Reputation: 41
I am trying to get the total number of tokens in documents that match a query. I haven't defined any custom mapping and the field for which I want to get the token count is of type 'string'.
I tried the following query, but it gives a very large number in the order of 10^20, which is not the correct answer for my dataset.
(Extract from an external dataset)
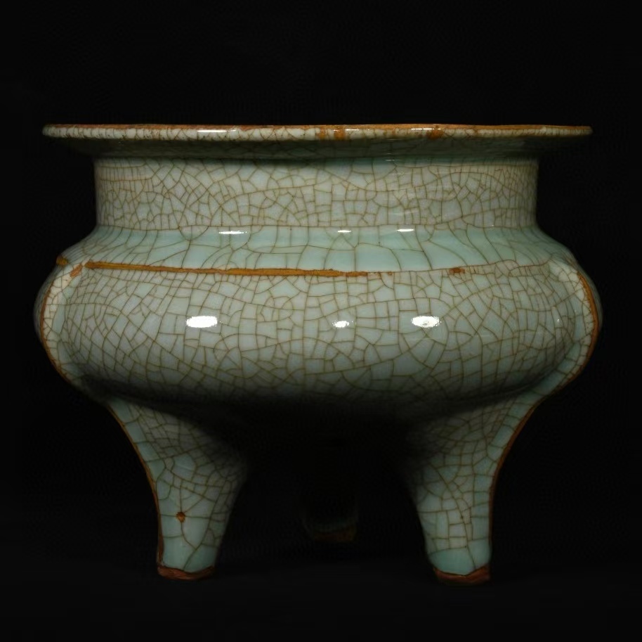 - 宋官窯 汝磁 秘藏 ・天青釉地鬲式炉・香炉 磁器 酒器 茶器 唐磁 染付 陶磁器 收蔵品 古美味 時代物 古美術 古置物 希少珍品 中國文玩6.117

curl -XPOST 'localhost:9200/nodename/comment/_search?pretty' -d '
{
"query": {
"match_all": {}
},
"aggs": {
"tk_count": {
"sum": {
"script": "_index[\"body\"].sumttf()"
}
}
},
"size": 0
}
Any idea how to get the correct count of all tokens? ( I do not need counts for each term, but the total count).
Upvotes: 2
Views: 2331
Reputation: 21064
This worked for me, is it what you need?
Rather than getting token count on query (using tk_count
aggregation, as suggested in the other answer), my solution stores the token count on indexing using the token_count
datatype., so that I could get "name.stored_length" values returned in query results.
token_count
is a "multi-field" it works on one-field-at-a-time (i.e. the "name" field or the "body" field). I modified the example slightly to store the "name.stored_length"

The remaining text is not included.